🍔 Casper's Kitchens

Spin up a fully working ghost-kitchen business on Databricks in minutes.

Casper's Kitchens is a simulated food-delivery platform that shows off the full power of Databricks: streaming ingestion, Lakeflow Declarative Pipelines, AI/BI Dashboards and Genie, Agent Bricks, and real-time apps backed by Lakebase postgres — all stitched together into one narrative.

🚀 Quick Start

Import to Databricks Workspace: Create a new Git folder in your workspace and import this repository
Initialize the demo: Run init.ipynb to create the "Casper's Initializer" job
- By default the job will use the catalog caspers
- Important: If you're working in a metastore that spans multiple workspaces and another workspace has already used the catalog name caspers, you'll need to specify a different name using the CATALOG parameter. Catalog names must be unique within a metastore.
- By default, only the San Francisco location will generate data. To run additional locations (like Chicago) or create your own, see data/generator/configs/README.md and use the LOCATIONS parameter.
Launch your ghost kitchen empire:
- Navigate to Jobs & Pipelines in the left sidebar of your Databricks workspace
- Find and run the Casper's Initializer job
- You can pick a subset of tasks to run if you want. The Raw_Data and Lakeflow_Declarative_Pipeline tasks are required, but downstream tasks are demo-specific and you can run whichever ones you need.

Then open Databricks and watch:

📦 Orders stream in from ghost kitchens
🔄 Pipelines curate raw → bronze → silver → gold
📊 Dashboards & apps come alive with real-time insights
🤖 RefundGPT agent decides whether refunds should be granted

That's it!

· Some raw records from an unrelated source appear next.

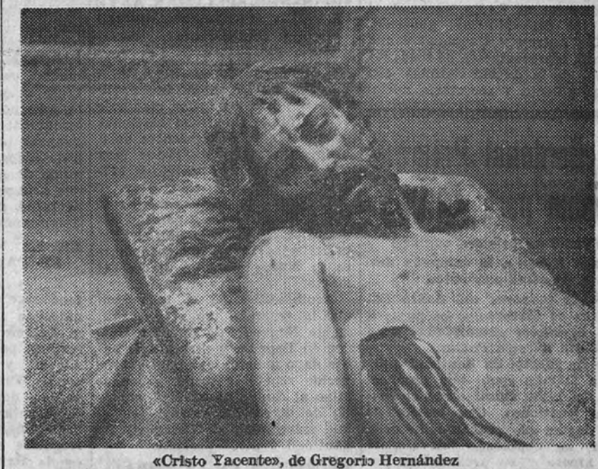
«Cristo Yacente», de Gregorio Hernández

De tales experiencias se puede partir, sin embargo, a la consecución de un nuevo arte religioso, con la mera incorporación de los hallazgos plásticos a una más honda y céntrica expresividad movida por el espíritu creyente. La contribución del postimpresionismo al arte religioso se ha limitado, dentro de las normas de cada grupo, a una serie de intentos dirigidos primordialmente a satisfacer las demandas de la sensibilidad. Ni el expresionismo elemental de Rouault; ni la fosca y patética representación de Desvallières; ni las seráficas visiones de Denis, harían ingenuas, por ejemplo, pueden colmar las exigencias espirituales y estéticas del hombre actual.
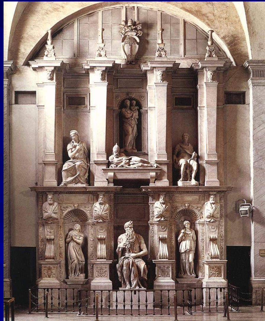
Гробница папы Юлия II: Моисей. ок. 1515. Мрамор. Высота: 235 см. Церковь Сан Пьетро ин Винколи, Рим
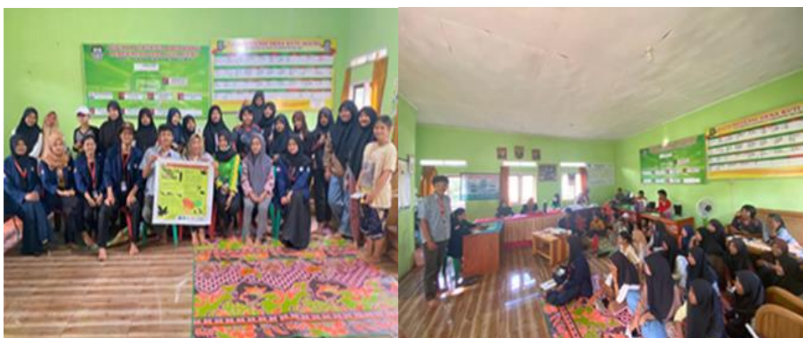
Gambar 4. Sosialisasi Tentang Bahaya Narkoba

Pelaksanaan kegiatan sosialisasi bahaya narkoba ini di lakukan secara offline (langsung) di karenakan para peserta berkesempatan hadir yang di mana pada saat itu berkenaan juga dengan adanya program posyandu remaja yang rutin dilakukan oleh bidan desa. Berdasarkan jumlah orang yang berkesempatan untuk hadir setidaknya adalah 25 orang remaja, 6 orang dewasa yang tiga di antaranya adalah Ibu PJS Kepala Desa Kuti Agung beserta jajarannya. Kegiatan sosialisasi di tutup dengan penyerahan pamflet yang sebelumnya telah di cetak kepada Desa Kuti Agung yang di wakili oleh Ibu PJS Kepala Desa Kuti Agung.
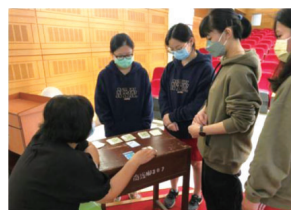
▲「跨專業人生抉擇」—講師於活動結束後，協助同學以OH卡牌卡自我探索。
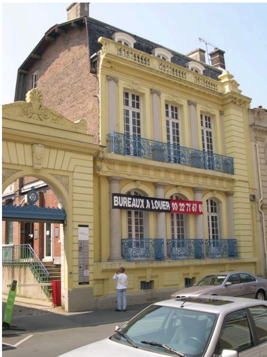
Vue sur le corps de logis aligné sur la rue des Jacobins.
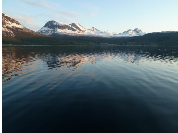
Blick von der Brücke zurück auf Foldvik und die Anlage

Leider war diese erste Ausfahrt nicht sehr erfolgreich. Einigen Küchendorschen war das Wasser zu kalt und wollten in unsere warme, schwarze Kiste.
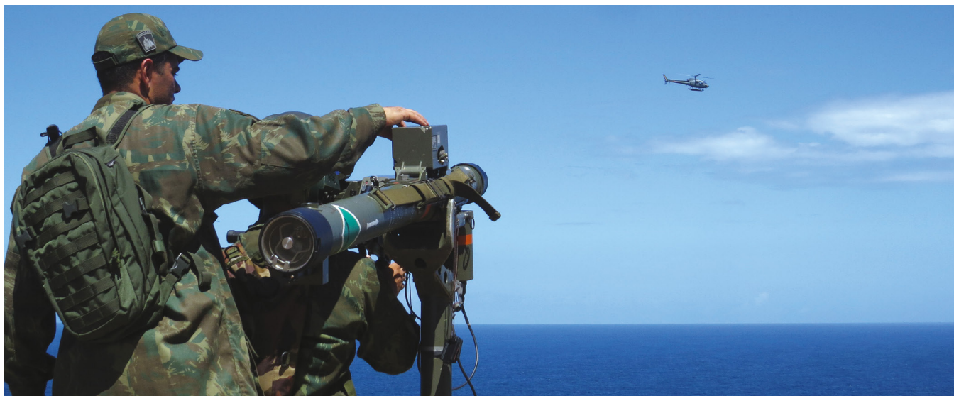
Militares durante exercício

O Batalhão de Controle Aerotático e Defesa Antiaérea (BtlCtAetatDAAe) realizou, de março a abril, um exercício intitulado "Adestramento de Equipes do Componente de Combate Aéreo", que reuniu aproximadamente 120 militares na região de São Pedro da Aldeia (RJ).
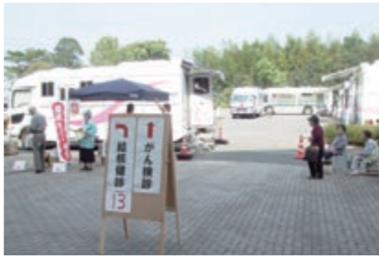
9月～10月に行われた複合健診

市では、9月～10月に行った複合健診の中で、生活習慣病健診を実施しましたが、受診されましたか？
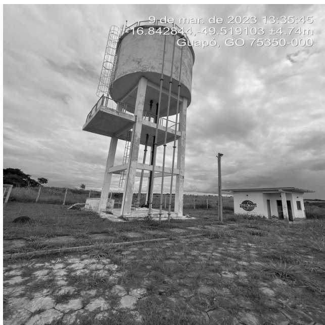
Foto 9 - REL Residencial Bandeira com pintura desgastada.
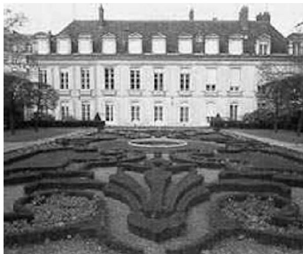
Слика 2. Савремени изглед Палате Мали Луксембург (Palais du Petit-Luxembourg) у којој је рођен Сади Карно.
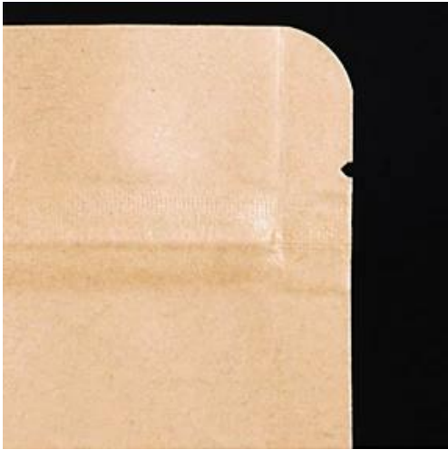
U-Typ leicht zu zerreißen
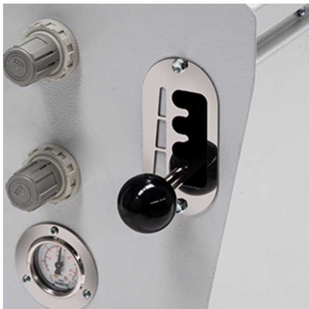
Regolazione manuale del soffiaggio (mod. 5142, 5152)
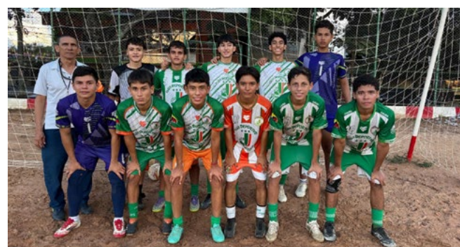
El sueño del equipo utrahuilqueño es lograr el título de campeones, para ello trabajan fuertemente en este objetivo.
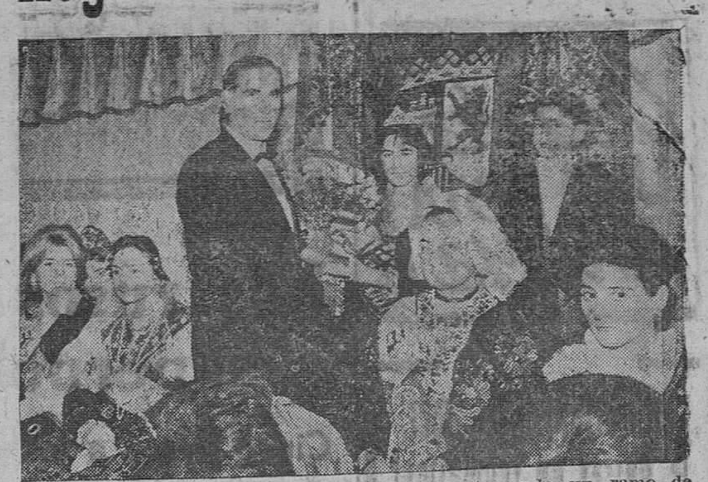
El presidente del Hogar Castellano-Leonés entregando un ramo de flores a la nueva Reina. A ambos lados de ésta, las señoritas representantes de Zamora, Salamanca, Toledo y Burgos, de izquierda a derecha.

colorido describe Castilla... León... Andalucía... Aragón... Cataluña... el Reino murciano... ¡Cómo recreo nuestro espíritu la remembranza de las Santas Emperatrices, Reinas y Princesas que enaltecieron el nombre de Isabel en la vida y en la Historia Patria! Terminó haciendo un canto bellísimo a la mujer española sin distinción de región. ¡Pinceladas! Así denominaba su charla; pero ¡qué pinceladas, queridos paisanos! ¡Qué maravillosa descripción!
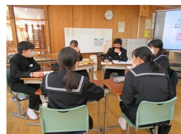
班ごとで話し合い、意見を発表
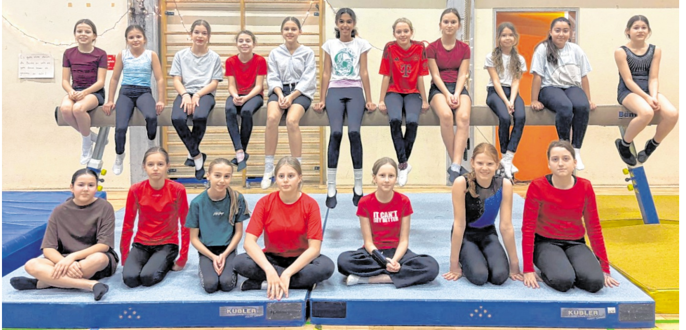
Die Weihnachtsturnschau der Fünft- und Sechstklässlerinnen.

Beim Kinderturnen ohne Begleitung im Alter von dreiein-
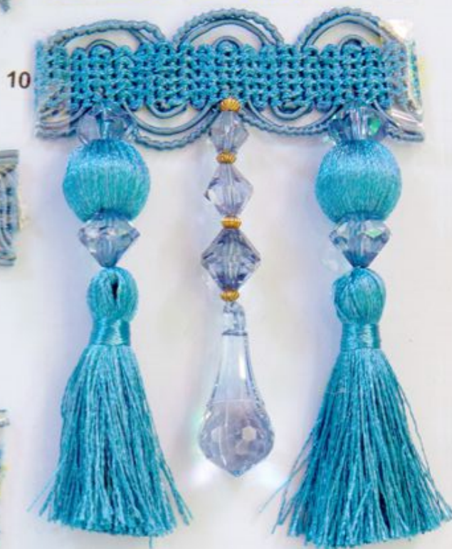
ARTICOLO 112 FRANGIA CM. 12
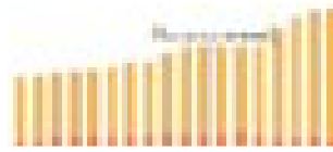
Klimaatbeleid: processie van Echternach ... maar dan...
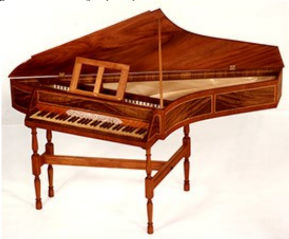
SLIKA 4: Špinet

Špinet je pomanjšana oblika čembala. Grajen je bil v obliki majhne omare, da so ga lahko lažje pospravili.
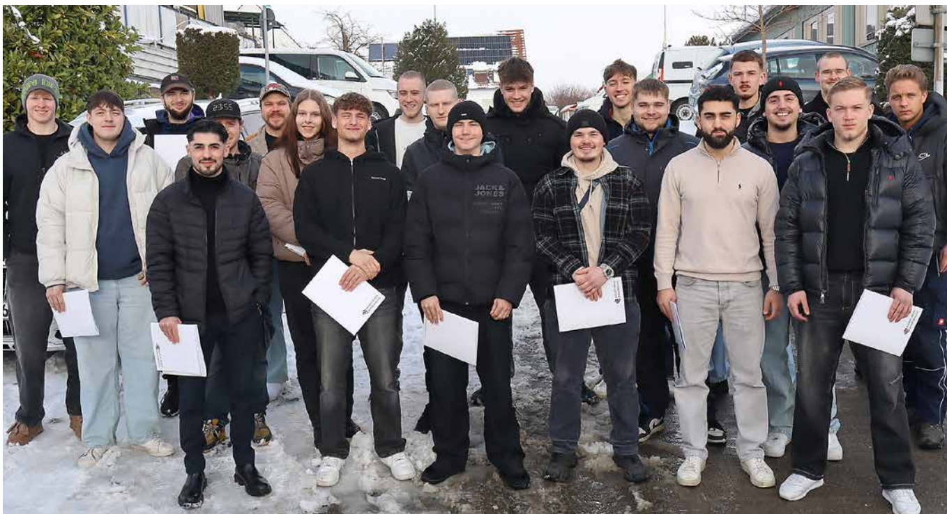
Wie im Vorjahr haben erneut 20 Azubis erfolgreich ihre Gesellenprüfungen abgelegt und verstärken dadurch personell das SHK-Handwerks im Kreis Herford. Dieses Mal gehört aber auch eine SHK-Anlagenmechanikerin dazu.
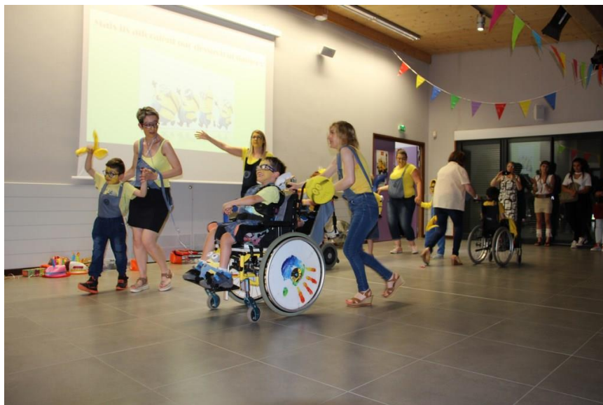
Fête de Chanteloup 2018
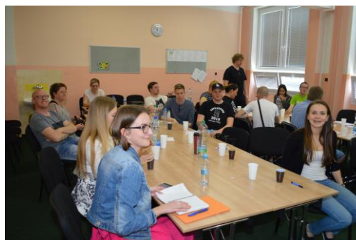
Dopolední setkání ve škole
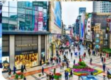
ถนนคนเดินสุขุมวิท
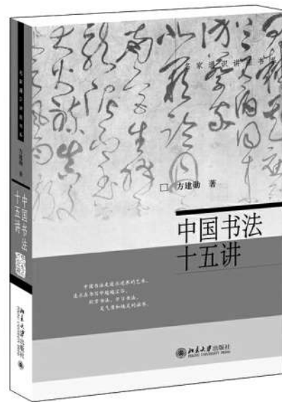
《中国书法十五讲》 方建勋 著 北京大学出版社

有个学生在课程结束时，写下这么一段笔记：“在忙碌的期末季，在被各种作业和论文的截止日期追赶时，我突然发觉，书法的课后练习并不是一项让我感到焦虑的作
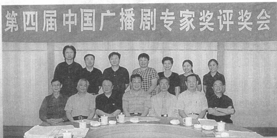
2004年6月,第四届中国广播剧专家奖评奖会全体评委合影。
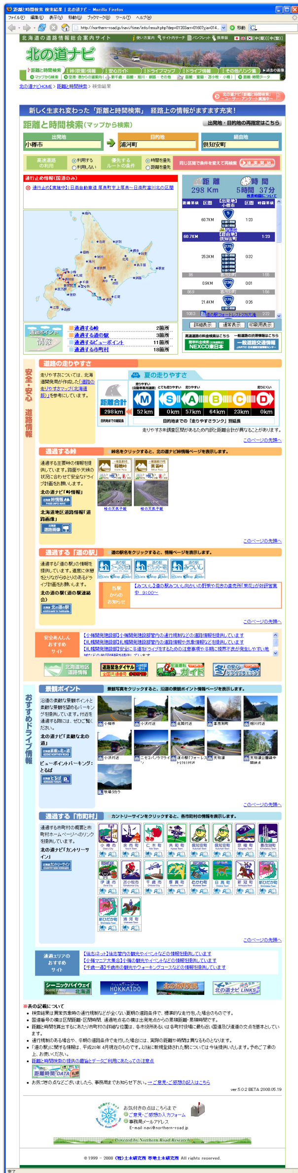
▲図-2 「距離と時間検索」の検索結果 Figure 2. Result of time and distance search
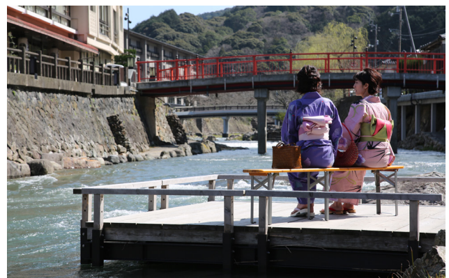
川のせせらぎを聞きながら開放的な空間でくつろぐことのできる川床。
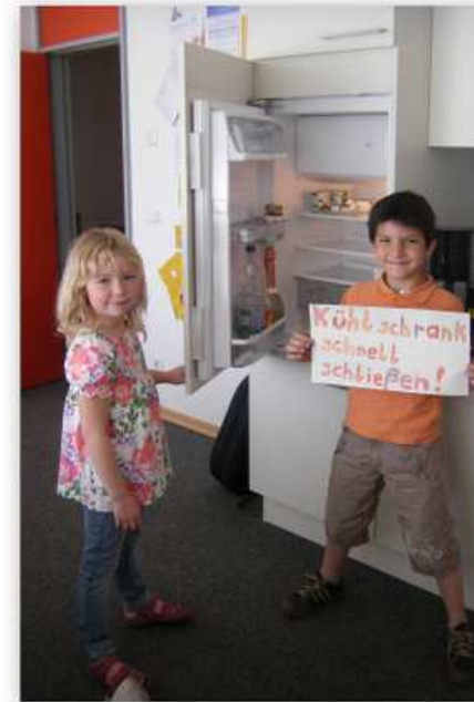
& geben gute Ratschläge

Your Casper's Kitchens environment will be up and running.

🏗️ What is Casper's Kitchens?

Casper's Kitchens is a fully functional ghost kitchen business running entirely on the Databricks platform. As a ghost kitchen, Casper's operates multiple compact commercial kitchens in shared locations, hosting restaurant vendors as tenants who create digital brands to serve diverse cuisines from single kitchen spaces.

The platform serves dual purposes:

🎭 Narrative: Provides a consistent business context for demos and training across the Databricks platform
⚙️ Technical: Delivers complete infrastructure for learning Databricks, running critical user journeys (CUJs), and enabling UX prototyping

The platform generates realistic order data with full order lifecycle tracking - from creation to delivery - including kitchen status updates, driver GPS coordinates, and configurable business parameters.

🏗️ Architecture

The system is structured as stages (found in ./stages/) orchestrated by a single Databricks Lakeflow Job called "Casper's Initializer". Each stage corresponds to a task in the job (pictured above), enabling:

🎯 Customizable demos: Run only the stages relevant to your use case
🔧 Easy extensibility: Add new demos that integrate seamlessly under the Casper's narrative
⚡ Databricks-native: Uses Databricks itself to bootstrap the demo environment

The dependencies between stages is reflected in the job's DAG.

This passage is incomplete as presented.